→ Work order
Starting at the first line of the entries below, restate each line exactly until you reach the line with "(Arp296 & 299, and", and print that one too. Leave the pictures out and stop there.

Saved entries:
= = = = = = =
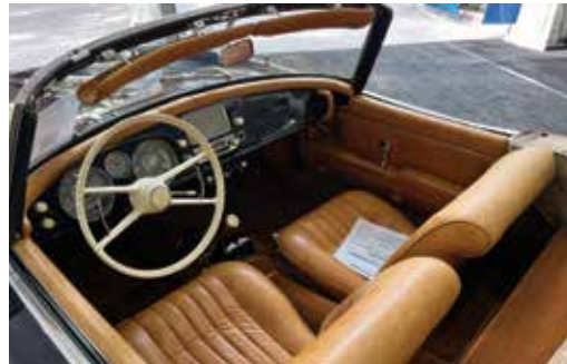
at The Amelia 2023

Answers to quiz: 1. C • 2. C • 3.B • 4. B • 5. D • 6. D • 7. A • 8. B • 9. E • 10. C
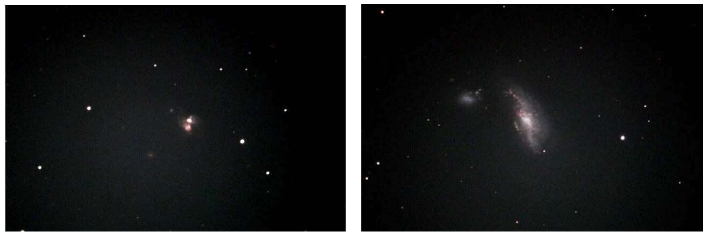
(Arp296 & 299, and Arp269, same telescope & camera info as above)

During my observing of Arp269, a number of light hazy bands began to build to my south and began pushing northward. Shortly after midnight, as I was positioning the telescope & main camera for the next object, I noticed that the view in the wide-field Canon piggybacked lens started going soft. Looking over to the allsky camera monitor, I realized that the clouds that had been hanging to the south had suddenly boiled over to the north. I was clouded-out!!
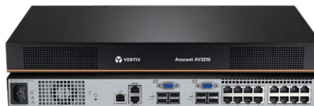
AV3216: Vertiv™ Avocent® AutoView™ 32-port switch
= = = = = = =
→ Solved problem
at The Amelia 2023

Answers to quiz: 1. C • 2. C • 3.B • 4. B • 5. D • 6. D • 7. A • 8. B • 9. E • 10. C
(Arp296 & 299, and Arp269, same telescope & camera info as above)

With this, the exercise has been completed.